- Location: Century Boulder
- Josh Brolin's impression of a young Tommy Lee Jones in Men in Black 3 is brilliant enough that it alone almost makes the film worth seeing. One wonders if this entire project started off as a behind-the-scenes gag on the set of No Country for Old Men that some intrepid soul witnessed and tried to convert into an entire movie. Unfortunately, that impression and Brolin's performance are far and away the best parts of the a film that otherwise pales in comparison to the original Men in Black. Whereas that unexpectedly entertaining offering got a lot of mileage out of fun CGI, goofy creatures, and the clever pairing of Will Smith, one of the most affable actors of his time, with Jones, one of the gruffest, the third film in the franchise feels mostly like the same jokes repeated once again, only with a worse inflection.
- In this iteration, it's a Hell's Angels-type alien known as Boris the Animal (Jemaine Clement) who threatens galactic balance by traveling back to 1969 to eliminate his nemesis, Agent K (Jones). Needless to say, Agent J (Smith) is willing to do anything to save his partner, even if it turns out that "time jumping" is a more literal description than he initially suspects. Other members of the alphabet soup are present, including Emma Thompson as a Hilary Clintonesque bureau chief, Alice Eve as her younger self, and David Rasche as the 1960's head honcho. Alas, the eminently watchable Rip Torn's recent legal troubles force his character to have died offscreen of natural causes, but Thompson is charismatic enough to replace even him.
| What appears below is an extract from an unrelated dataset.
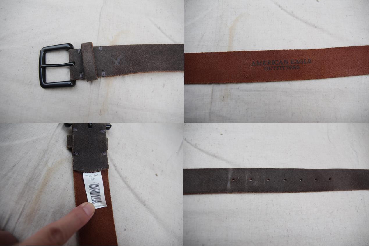 American Eagle製のスエードレザーベルトとなります。アメリカピッツバーグに本社を置く1977年創業のアメリカンカジュアルブランドです。グレーのスエードレザー素材でバックル脇にブランドアイコン刻印入り、裏側にブランド表記刻印も入ります。サイズ表記は36となります。普段使いやカジュアルにもお使い頂けるベルトですので是非ご検討下さい。

- Otherwise, events proceed as though foreordained. This time around, Mick Jagger and Lady Gaga are suspected of being aliens, while Andy Warhol (Bill Hader) is an agent so desperate that he's started painting bananas and soup cans. Michael Stuhlbarg has a charming turn as an alien that can see the futures (plural), while the fate of Mike Coulter's army colonel at Cape Canaveral is sadly predictable. The film's primary offense, however, may be against the usually hilarious Clement, who is wasted completely in an even more extreme version of what was done to Vincent D'Onofrio in the first film. How they could travel back to the 60's and not have Clement play a version of himself is completely beyond me. Smith is never unlikeable, but he and Jones are both completely eclipsed by Brolin, and some of the film's jokes, particularly those having to do with race relations, seem to have themselves traveled here from the past. The result is a merely tolerable film whose weak impression of Men in Black could have been much improved.